Background: Clear-cell renal cell carcinoma (ccRCC) is the most common malignant kidney cancer. However, the tumor microenvironment and crosstalk involved in metabolic reprogramming in ccRCC are not well-understood.

Methods: We used The Cancer Genome Atlas to obtain ccRCC transcriptome data and clinical information. The E-MTAB-1980 cohort was used for external validation. The GENECARDS database contains the first 100 solute carrier (SLC)-related genes. The predictive value of SLC-related genes for ccRCC prognosis and treatment was assessed using univariate Cox regression analysis. An SLC-related predictive signature was developed through Lasso regression analysis and used to determine the risk profiles of patients with ccRCC. Patients in each cohort were separated into high- and low-risk groups based on their risk scores. The clinical importance of the signature was assessed through survival, immune microenvironment, drug sensitivity, and nomogram analyses using R software.

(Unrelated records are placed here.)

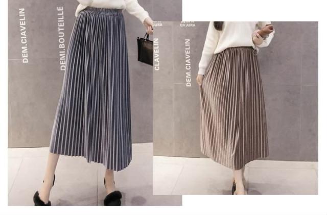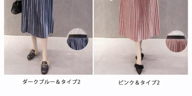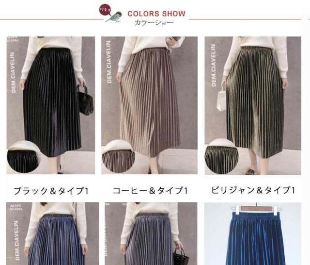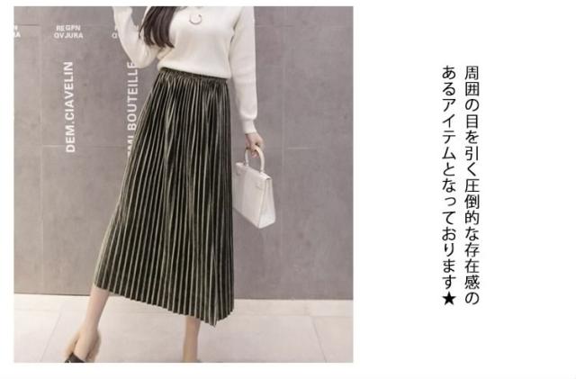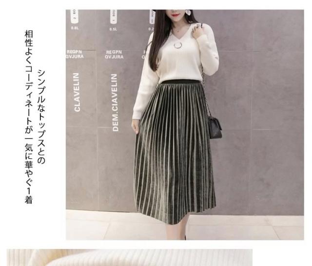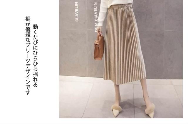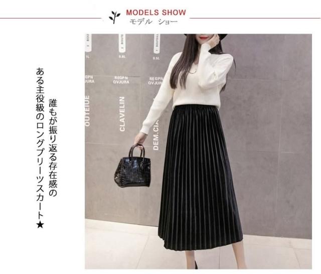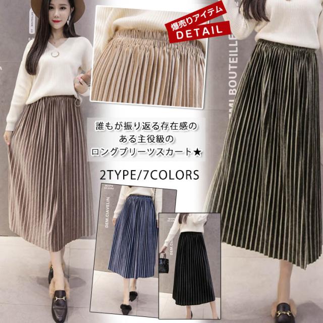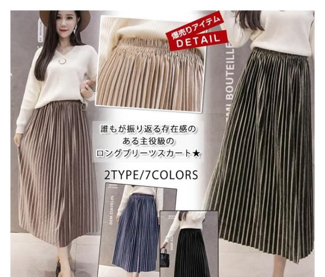 送料無料ベロアプリーツスカート/ミモレ丈プリーツスカート/ロング丈/プリーツスカート/ベロアスカート/レディース/きらきら/無地/ウエス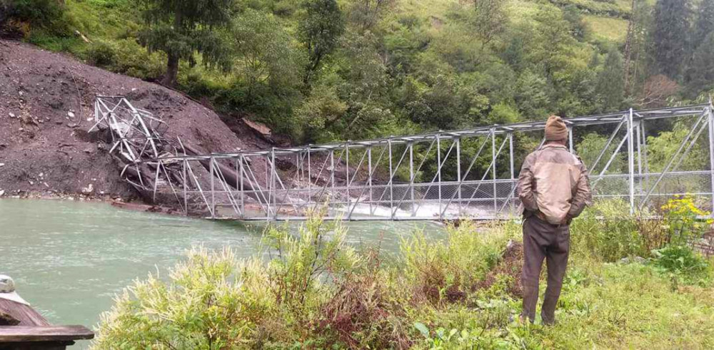 जुम्ला — जुम्लाको कनकासुन्दरी गाउँपालिका–१ बुम्रामाडिचौरको हिमा नदी माथिको ट्रस पुल बाढीले क्षति पुर्याउँदा आवतजावत ठप्प भएको छ । पुल बगाएपछि निकै समस्या भएको स्थानीयले बताएका छन् ।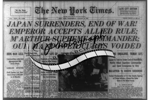 Photo of Newspaper Headlines,New York Times,Japan Surrenders,August 15,1945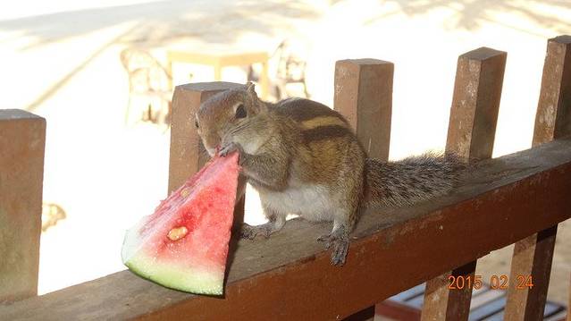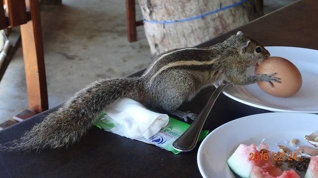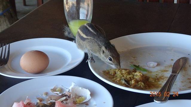这的松鼠尾巴超大,非常可爱,也不太怕人,我观察了下,这松鼠最爱吃的是煎蛋和咖喱鱼,其次是西瓜和吐司!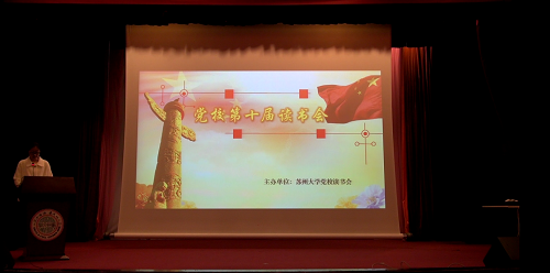 纺织服装工程学院钱飒、附一院谈心、物理科学与技术学院杨庭妍三位同学在典礼现场为学员“开讲了”党校读书会的阅读书目——《苦难辉煌》《激荡十年,水大鱼大》《习近平的七年知青岁月》三本书籍,弘扬经典,传播书香,取得较好的效果。

Results: SLC25A23SLC25A42SLC5A1SLC3A1SLC25A37SLC5A6SLCO5A1, and SCP2 comprised the signatures of the eight SLC-related genes. Patients with ccRCC were separated into high- and low-risk groups based on the risk value in the training and validation cohorts; the high-risk group had a significantly worse prognosis (p < 0.001). The risk score was an independent predictive indicator of ccRCC in the two cohorts according to univariate and multivariate Cox regression (p < 0.05). Analysis of the immune microenvironment showed that immune cell infiltration and immune checkpoint gene expression differed between the two groups (p < 0.05). Drug sensitivity analysis showed that compared to the low-risk group, the high-risk group was more sensitive to sunitinib, nilotinib, JNK-inhibitor-VIII, dasatinib, bosutinib, and bortezomib (p < 0.001). Survival analysis and receiver operating characteristic curves were validated using the E-MTAB-1980 cohort.

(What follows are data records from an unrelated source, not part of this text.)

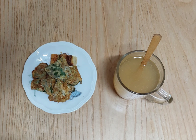점심은 어제 부쳐놓은 전, 유자차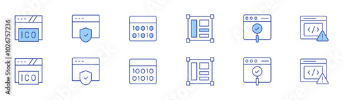 Website icon set in two styles, duotone and thin line style - editable stroke - ico, layout, web securWall mural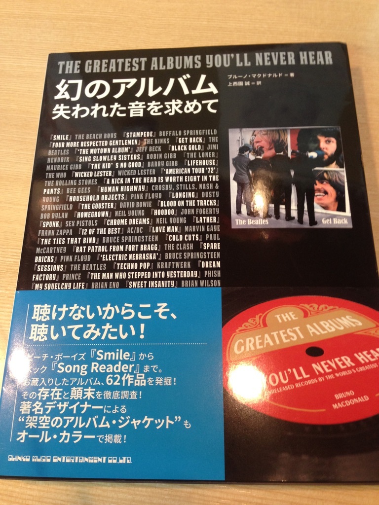 今夜のPRSENT☆書籍「幻のアルバム 失われた音を求めて」 2015-10-30 The Beach Boys「Smile」、The Beatlesの「Get Back」、Jimi Hendrix「Black Gold」・・・当時、雑誌などでタイトルや中身の一部が報じられながら、何かしらの理由でお蔵入りとなり、日の目を見なった“幻のアルバム”たち。60年代から2000年代にかけての“幻のアルバム”62作品を発掘し、それらの存在を可能な限り徹底的に調べ上げ、その真相を検証し、リリースの可能性までを探った音楽ファン必読の一冊がシンコーミュージックから発売されました 今夜は、その書籍「幻のアルバム 失われた音を求めて」を1名にプレゼントしますよ〜 これを読めばあなたも音楽マニアの仲間入り!? Tweet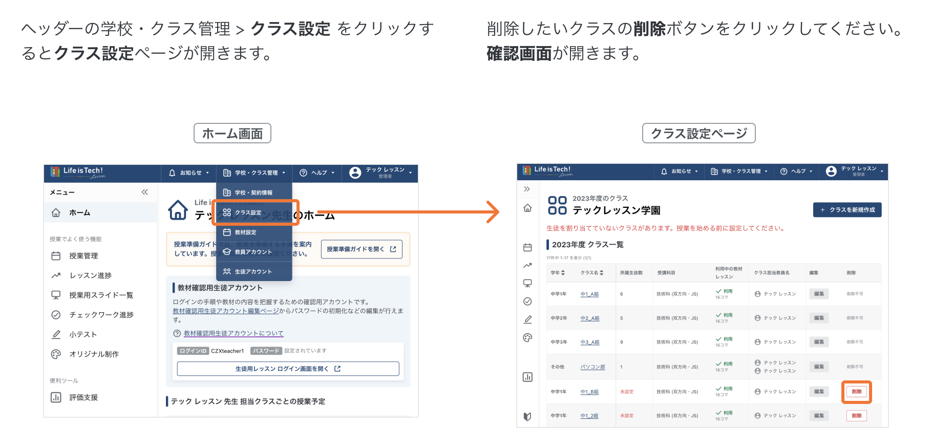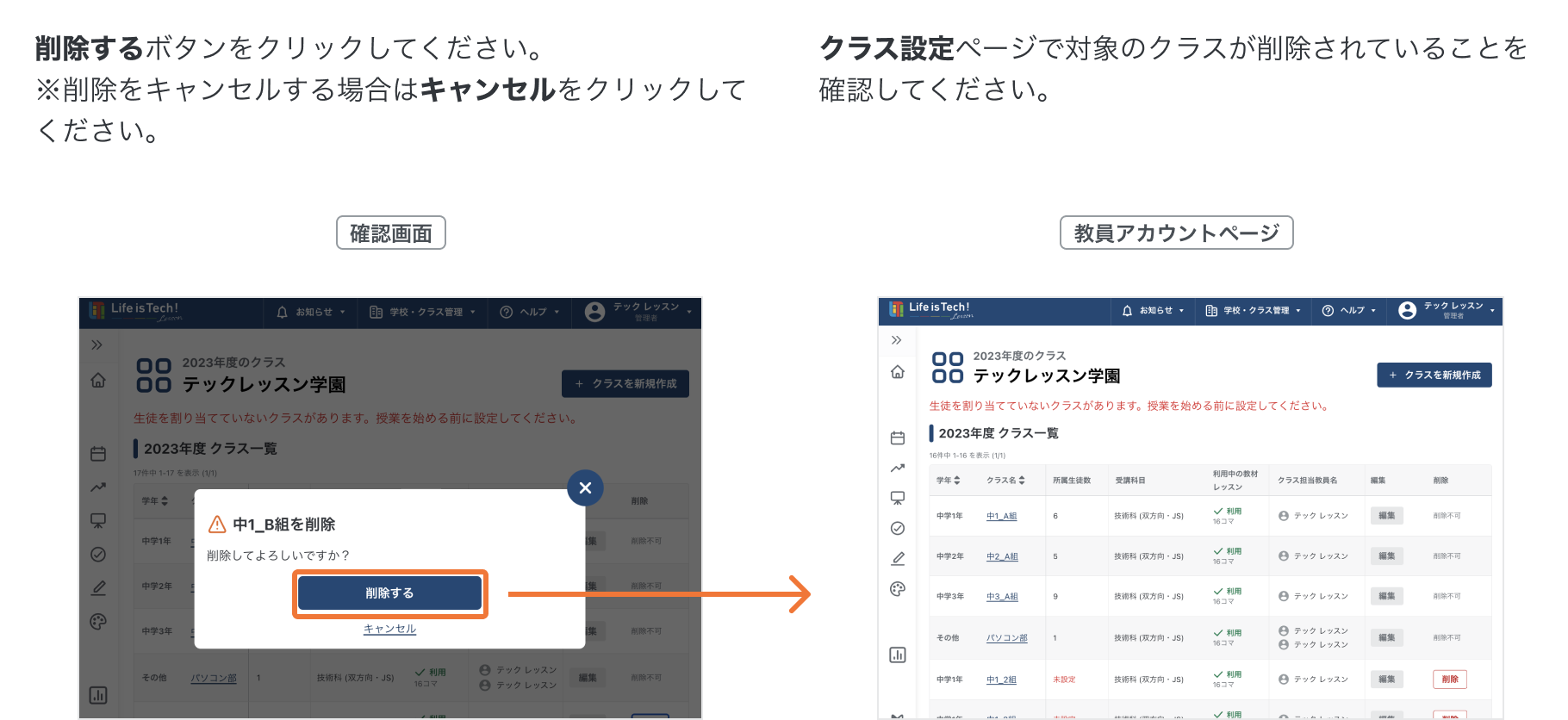 クラスを削除する

Conclusions: SLC-related genes have predictive relevance in ccRCC and play roles in the immunological milieu. Our results provide insight into metabolic reprogramming in ccRCC and identify promising treatment targets for ccRCC.

 

Comments:

The provided background describes a study conducted on clear-cell renal cell carcinoma (ccRCC), which is the most common malignant kidney cancer. The study aimed to understand the tumor microenvironment and the metabolic reprogramming involved in ccRCC. The researchers utilized data from The Cancer Genome Atlas (TCGA) and the E-MTAB-1980 cohort for external validation.

The focus of the study was on solute carrier (SLC)-related genes, which are involved in transporting various molecules across cellular membranes. The researchers obtained the first 100 SLC-related genes from the GENECARDS database. They performed univariate Cox regression analysis to assess the predictive value of these genes for ccRCC prognosis and treatment.

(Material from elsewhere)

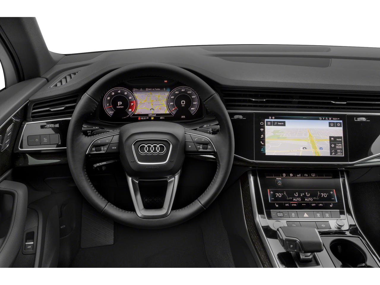 - Radio: Audi Sound System -inc: Audi smartphone interface (wired Android Auto and wireless Apple CarPlay), MMI navigation plus w/MMI touch response - 10.1" upper, 8.6" lower screen, preparation for mobile phone (Bluetooth®) and SIRIUS satellite radio (w/3-month complimentary subscription)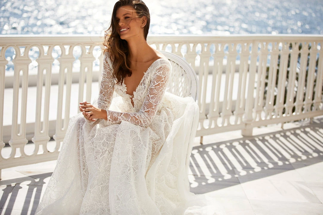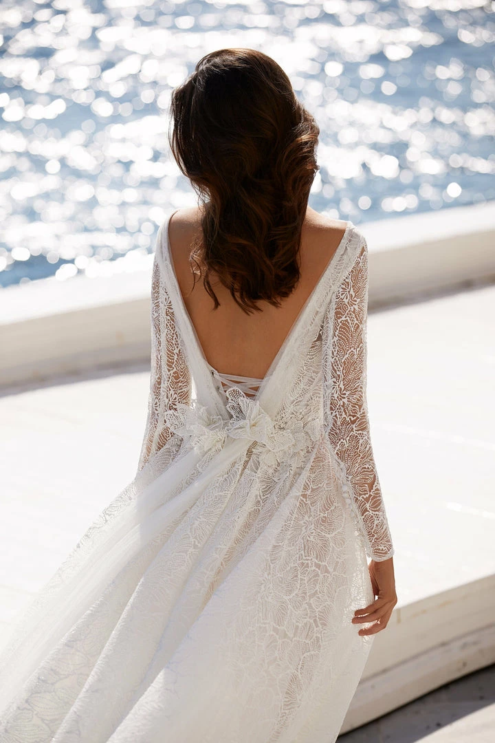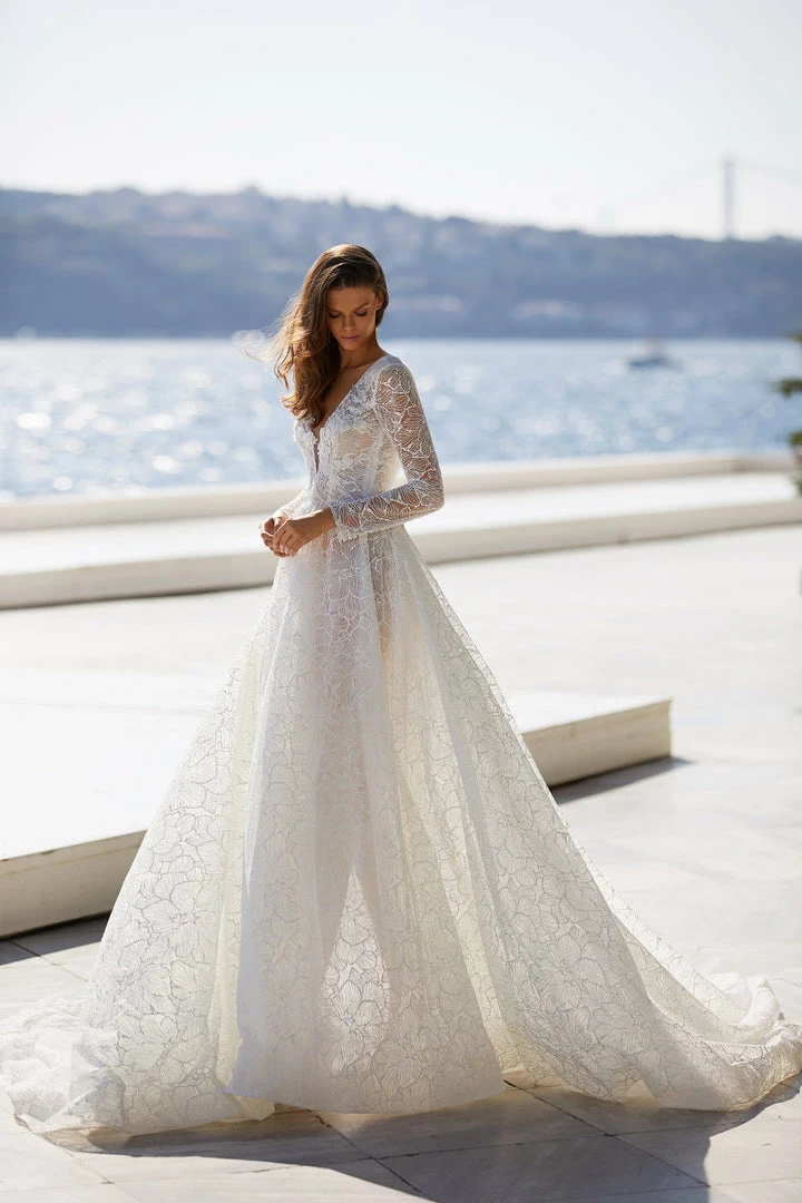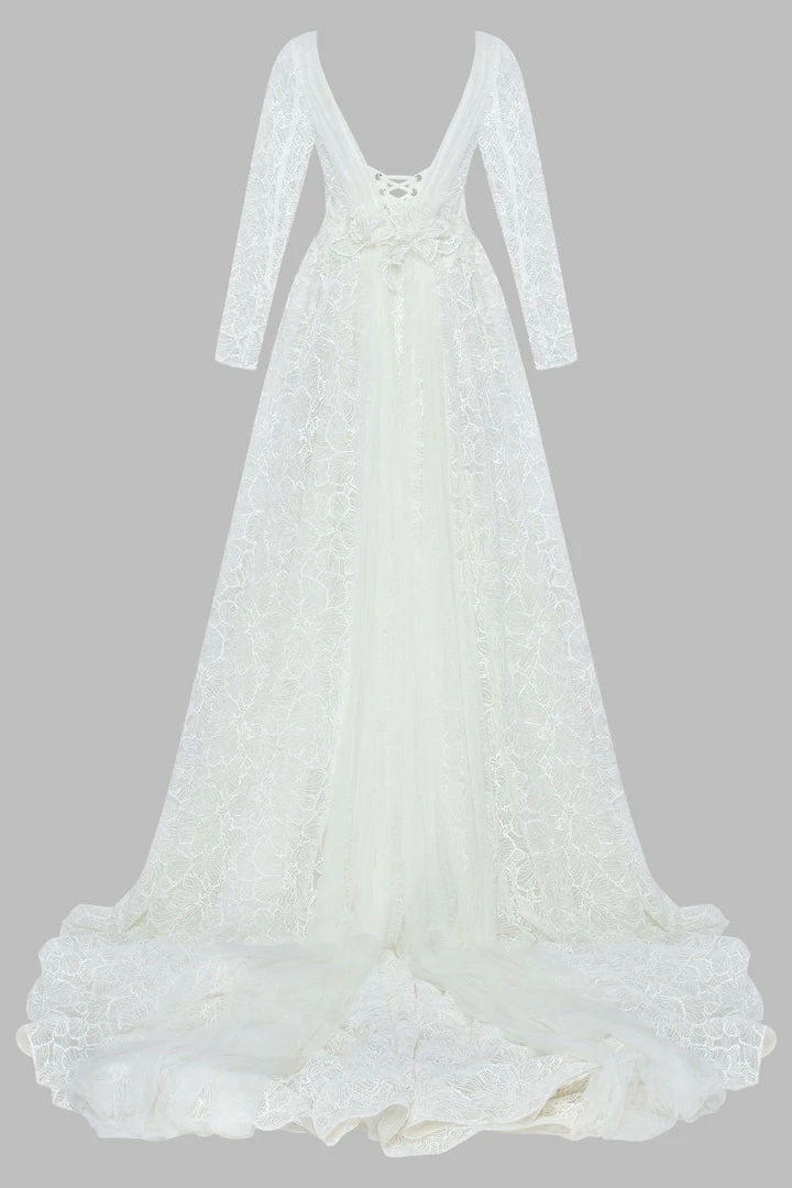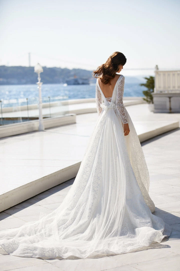 Incredible lace ball gown with a lace-embroidered V-neck bodice, sheer long sleeves, open back, and a gorgeous tulle long train.

To develop a predictive signature, the researchers employed Lasso regression analysis using the identified SLC-related genes. The resulting signature consisted of eight genes: SLC25A23, SLC25A42, SLC5A1, SLC3A1, SLC25A37, SLC5A6, SLCO5A1, and SCP2. These genes were used to determine the risk profiles of ccRCC patients. Patients were divided into high- and low-risk groups based on their risk scores.

The study found that patients in the high-risk group had significantly worse prognosis compared to the low-risk group (p < 0.001). The risk score derived from the signature was identified as an independent predictive indicator for ccRCC in both the training and validation cohorts, as confirmed by univariate and multivariate Cox regression analysis (p < 0.05).

Furthermore, the researchers analyzed the immune microenvironment and found differences in immune cell infiltration and immune checkpoint gene expression between the high- and low-risk groups (p < 0.05). Drug sensitivity analysis revealed that the high-risk group was more sensitive to certain drugs such as sunitinib, nilotinib, JNK-inhibitor-VIII, dasatinib, bosutinib, and bortezomib, compared to the low-risk group (p < 0.001).

The findings of this study provide insights into the metabolic reprogramming involved in ccRCC and identify potential treatment targets. The SLC-related genes were shown to have predictive relevance in ccRCC, and their association with the immunological milieu suggests their involvement in immune responses. The results were validated using the E-MTAB-1980 cohort, further strengthening the significance of the findings.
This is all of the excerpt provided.